Mukâtil de şöyle demiştir: Furkan dinde şüphe ve sapıklıktan çıkaran şey demektir.

"Kim içinizden o aya erişirse": Yani kim yolcu değil de mukim olursa, demektir. Eğer:

"Bu âyette hastalık ile yolculuğun tekrar zikredilmesinin faydası nedir? Bu daha önce geçmişti?” denilirse, şöyle cevap verilir: Çünkü geçen âyette mensuh vardı, burada tekrar etti ki, mensuba yakın olmasın.

"Allah size kolaylık istiyor":

İbn Abbâs, Mücâhid, Katâde ve Dahhâk: Kolaylık yolculukta oruç tutmaktır, zorluk da onda oruç tutmaktır, demişlerdir. Ömer b. Abdülaziz de şöyle demiştir: Yolculukta oruç tutmak veya tutmamaktan hangisi sana kolay gelirse, onu yap.

"Veli-tükmilül ıddete":

İbn Kesir, Nâfi, İbn Âmir, Hamze ve Kisâi: kâfin sükunu ile hafif olarak "velitükmilu” okumuşlardır. Ebû Bekir de Âsım’dan rivayetle mimin şeddesi ile okumuştur. Bu, vessa ve evsa gibidir.

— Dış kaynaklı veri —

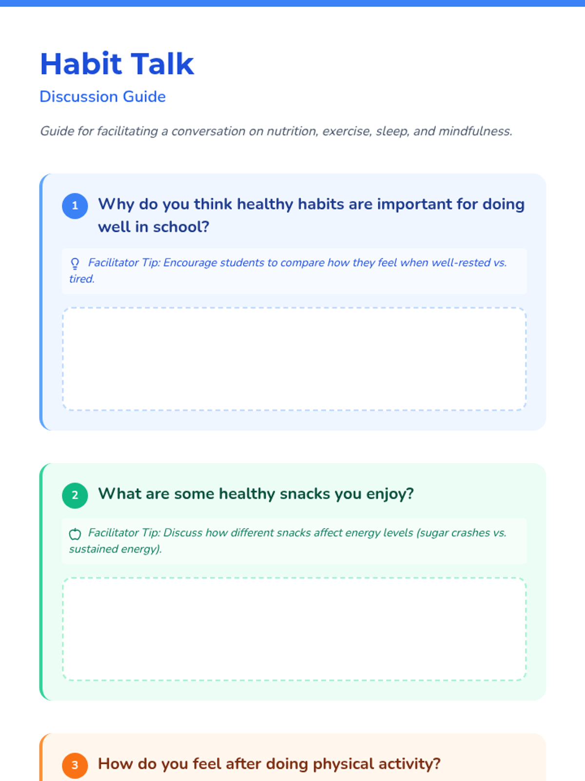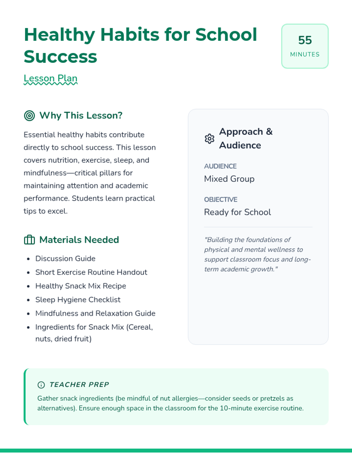 This lesson focuses on essential healthy habits that contribute to success in school, covering nutrition, exercise, sleep hygiene, and mindfulness. Students will participate in hands-on activities like preparing a healthy snack and practicing relaxation techniques.

İbn Abbâs: Oruç tutmadığınız sayıyı tamamlamanız için, demiştir. Bazıları da şöyle demişler: Bundan maksat, size farz olandan fazlasını yapmayın, demektir, nitekim Hıristiyanlar öyle yapmışlardı. Onların yaptıkları gibi başka aylara taşımayın.

"Ve sizi ilettiği şeye karşı Allah’ı tekbîr etmeniz içindir":

İbn Abbâs şöyle demiştir: Şevval ayının hilalini gördükleri zaman ta bayramdan ayrılıncaya kadar tekbir getirmek Allah’ın Müslümanlar üzerinde hakkıdır.

Eğer: "Velitükmilül iddete ve li-tükebbirullahe"de vav niçin gelmiştir, orada atfedilecek şey yoktur?” denilirse, cevabı şöyledir: Bu vav, kendisinden sonraki lamı hazfedilen “Lâm” ın üzerine atfetmiştir,

Mana şöyledir: Allah sizi mutlu etmek ve sayıyı tamamlamanız için size kolaylık, istiyor. Böylece ilk lâm manası açık olduğu için hazfedilmiştir. Bunu da İbn Enbari demiştir.

Âyetin hükmü: Ramazan bayramı gecesi, kurban bayramı gecesi ve Mûsallaya çıktıkları zaman sesli tekbir getirmek sünnettir. Bayram günü tekbirin ne zaman kesileceğine dair İmam Ahmed radıyallahu anh’ten farklı iki rivayet vardır: Hanbel ondan: İmam hutbeyi bitirdikten sonra keser dediğini; Esrem de: Mûsallaya geldiği zaman keser dediğini nakletmiştir.

Kadı Ebû Ya’lâ da: Mûsallaya gelip de imam hutbeye çıktığı zaman keser, demiştir.